Thursday, April 8, 2010

Democracy In Iraq--BOOM!

Was it five car bombs—or was it seven—that went off in Baghdad the other day? I guess it depends on whether you count in Arabic or English. The locals say one thing; what’s left of the American military presence says the other.
We sponsored an election. It was apparently a reasonably fair election; it was also a dreadfully close election. We take close elections to the Supreme Court or the loser simply quits and lets the other guy have it. In simpler societies, recounts can get bloody.
So far, just in April, 100 Iraqi’s have died in the process. This comes just as we are preparing to cut the 96,000 GIs remaining in Iraq down to under 50,000. That should be completed by September; everybody is scheduled to leave by next year.
Why does this remind me of 1921?
What happened then, you ask. Read on—and see if it sounds familiar. There was a once a province of the brutal Turkish Empire that was maintained by force of arms, not by democratic mandate or agreement of the mutually hostile tribal and religious groups.
The Turkish Empire went away in a cloud of gun smoke back in 1918 and the British decided to take this province over. Mesopotamia, as it was then called, had NEVER been a unified country. Already by the end of World War I, people were beginning to sense just how much oil this piece of earth contained. Britain was quite willing to take on that burden.

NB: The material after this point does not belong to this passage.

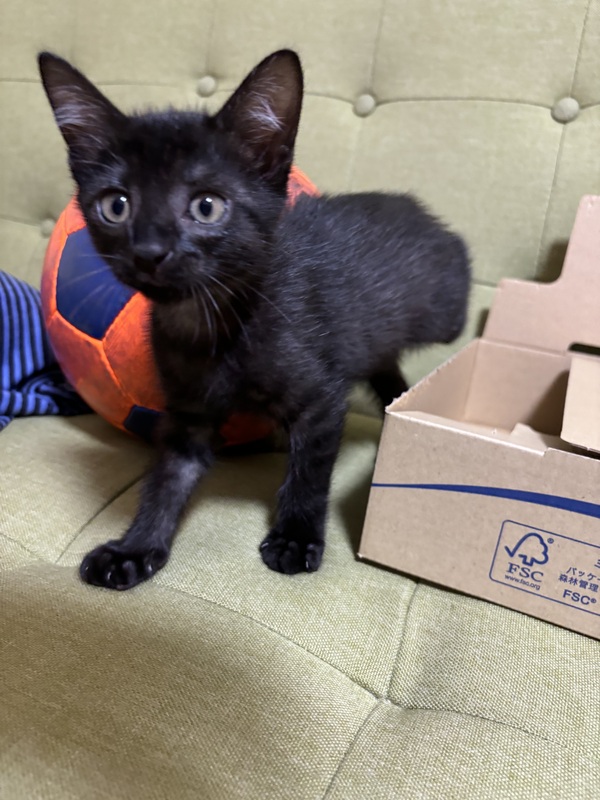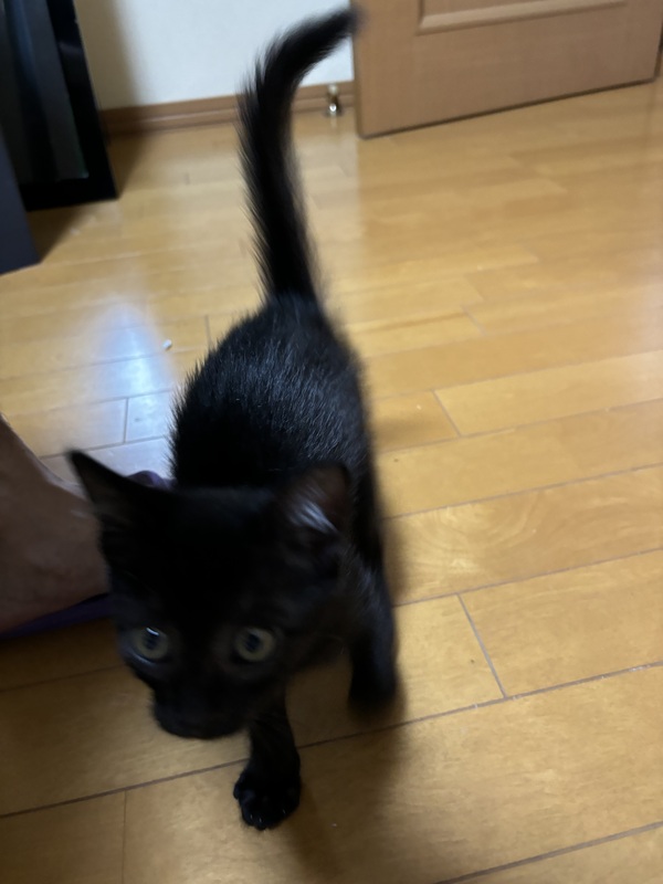 | 特徴(性格など) | 黒猫の仔猫。家の側でウロウロしていた所保護しました。よろしくお願いします。 | ||

Britain, however, was short on cash, and there was not a lot of political sentiment back in England for another foreign war—even for oil. In fact there was none. World War I had left England broke and sick of war—she wanted her boys home.

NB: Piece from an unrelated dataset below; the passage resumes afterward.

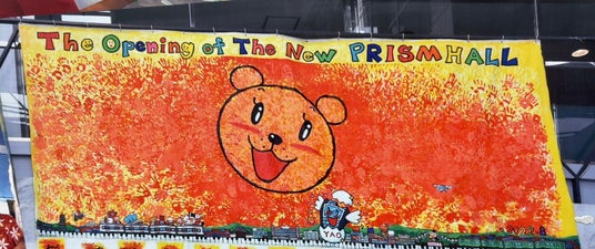 今回は2022年8月2日にリニューアルグランドオープンした徳治昭の地元、八尾市文化会館プリズムホール。オープン記念で市民のみなさんと一緒に作った「らいおんサンタペストリー」を文房堂ギャラリーにて展示します 5メートルの大作。関東方面で見ることないので、この機会に是非お越しください。

So young Winston Churchill, who was Colonial Secretary in 1921, held a meeting in Cairo where he came up with what seemed like a brilliant idea—to him. He would 1) combine three hostile tribal areas in Mesopotamia—that of the Kurds, the Shiites and the Sunni’s into one brand new country, called Iraq.
Two, he installed one of the characters out of “Lawrence of Arabia” as king—thus creating a unified national government. (This chap, by the way was from Arabia and had already been tossed out of Syria for trying to make himself king there.) Then, 3) Churchill decided to create an Iraqi national army under this new government so that the British troops could go home.
Cheaper, fewer British casualties, instead of three areas to pacify—one nation state with its own army. Absolutely brilliant plan. Rather like the plan Churchill had as a boy when he sought to gain entrance to a “haunted house” by blowing up a home-made bomb in the outside well. He blew himself high in the air and never found the “secret passage” into the house.
His plan for Iraq didn’t work either. The three Mesopotamian tribes went right on hating each other. The new government was powerless to stop them from killing each other. Without sufficient British troops on the ground to pacify things, everything just go worse.
In 1930, Britain quit and went home. They left Iraq to its new king (whose entire family was finally wiped out in 1958—by a group that included Saddam Hussein). Churchill’s grand design exists today only in the name on the map—where the three groups that still hate each other live to this day.
Now it’s America’s turn to try to create a nation state out of these three groups. (Like the British, we’ve already given up on the oil.) Like the British we are only too willing to pull our own troops out and leave the mess to the Iraqi national army.
One can almost see Mr. Churchill, sitting on a back bench in heaven, shaking his head as he looks down and murmurs, “Good luck”.